Now, I completely missed out on these explosive benefits sadly. Are tech stocks still worth buying for my ISA anyway?

Earnings

Last night (March 18), Micron posted its earnings for the second quarter of its 2026 fiscal year. And they opened doors beyond Wall Street’s expectations.

For the quarter, revenue came in at a record $23.86bn, up 196% year-on-year. Meanwhile, adjusted earnings per share came in at a record $12.20 – miles ahead of the consensus forecast of $9.31 – compared to $1.56 last year (+682% year-over-year).

Commenting on the earnings, CEO Sanjay Mehrotra said: “In the age of AI, memory has become a strategic asset for our customers.” He added that the company expects “significant records and in fiscal Q3.”

Closer to guidance, the company said in Q3, it expects revenue of $33.5bn plus or minus $750m (meaning year-over-year growth of more than 250%) and diluted earnings per share of $19.15 plus or minus $0.40. Analysts were expecting $12.05 in earnings per share on $24.3bn in revenue so this guidance was above estimates.

The stock still looks cheap

Clearly, Micron is benefiting from the AI ​​boom. What is happening is that the demand for memory is increasing due to the high demand for popularized GPUs Nvidiawhich requires memory to power generative AI models.

The good news is that the stock still looks really cheap. Currently, it trades at a forward price-to-earnings (P/E) ratio of just 7.3 using the next fiscal year’s earnings forecast (which could rise given the company’s current momentum).

Note that several Wall Street firms raised their stock prices after last night’s earnings. Both JP Morgan and TD Cowen are targeting $550 – about 24% above the current share price.

What are the risks?

However, while there is much to be excited about here, there are a few dangers. Another is that the memory business is cyclical.

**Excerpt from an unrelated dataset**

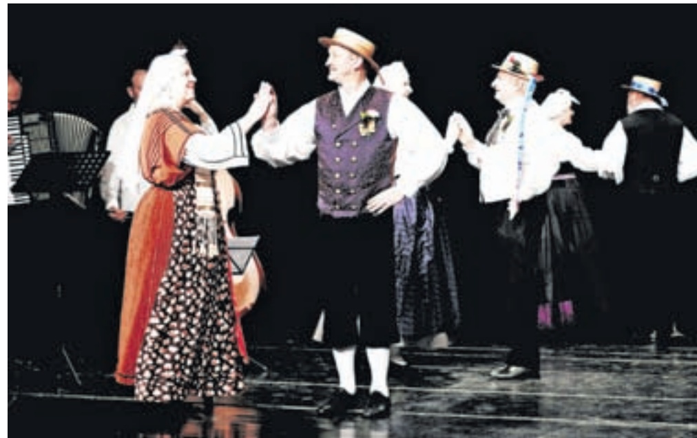
Folklorna skupina Tine Rožanc iz Ljubljane

Folklorna skupina Folklore Cerklje deluje osemnajsto leto. Ima 24 članov, ki veliko nastopajo na različnih prireditvah v občini in po Sloveniji pa tudi v tujini. Njihov strokovni vodja je od januarja 2020 Miran Murnik, ki je nasledil Braneta Šmida. Na Večeru folklore so zaplesali splet gorenjskih plesov z naslovom Na cerkljanski tržnici in Birtovsko .

So, while Micron’s earnings are growing right now, things could change quickly. Note that in 2016, 2019, and 2023, Micron’s revenue is decreasing each year.

In the near term, the AI ​​boom should support demand. But if the Big Tech companies stop spending on Nvidia’s GPUs, things could get worse.

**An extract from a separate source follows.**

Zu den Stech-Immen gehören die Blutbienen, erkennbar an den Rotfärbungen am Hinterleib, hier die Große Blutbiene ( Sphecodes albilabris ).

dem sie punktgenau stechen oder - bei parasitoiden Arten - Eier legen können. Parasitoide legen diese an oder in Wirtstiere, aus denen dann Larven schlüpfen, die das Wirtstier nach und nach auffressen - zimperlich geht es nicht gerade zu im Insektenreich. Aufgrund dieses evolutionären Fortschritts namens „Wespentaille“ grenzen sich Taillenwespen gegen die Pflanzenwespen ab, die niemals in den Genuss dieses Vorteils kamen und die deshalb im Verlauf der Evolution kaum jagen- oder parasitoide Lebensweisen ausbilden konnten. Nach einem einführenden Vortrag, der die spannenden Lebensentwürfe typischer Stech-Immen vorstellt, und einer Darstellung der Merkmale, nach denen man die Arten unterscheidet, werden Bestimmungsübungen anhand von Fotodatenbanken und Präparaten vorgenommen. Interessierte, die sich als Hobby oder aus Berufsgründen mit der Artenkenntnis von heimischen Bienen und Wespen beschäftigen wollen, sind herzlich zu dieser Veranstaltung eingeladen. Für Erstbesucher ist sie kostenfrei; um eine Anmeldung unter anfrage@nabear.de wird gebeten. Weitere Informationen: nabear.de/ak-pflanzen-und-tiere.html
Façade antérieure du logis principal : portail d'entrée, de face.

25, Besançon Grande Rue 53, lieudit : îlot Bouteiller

Another issue is that Micron recently told investors that capital expenditures will “go up logically” in fiscal 2027 with construction-related costs rising to more than $10bn. This type of capex can be profitable.

Of course, after a 350% increase in the share price in the last year (the chart is parabolic and that scares me), there is always a chance that some profit will be taken at some point (maybe even today). This is another risk to consider.

My move now

All in all, I wouldn’t buy Micron stock just yet. I need to do some more research.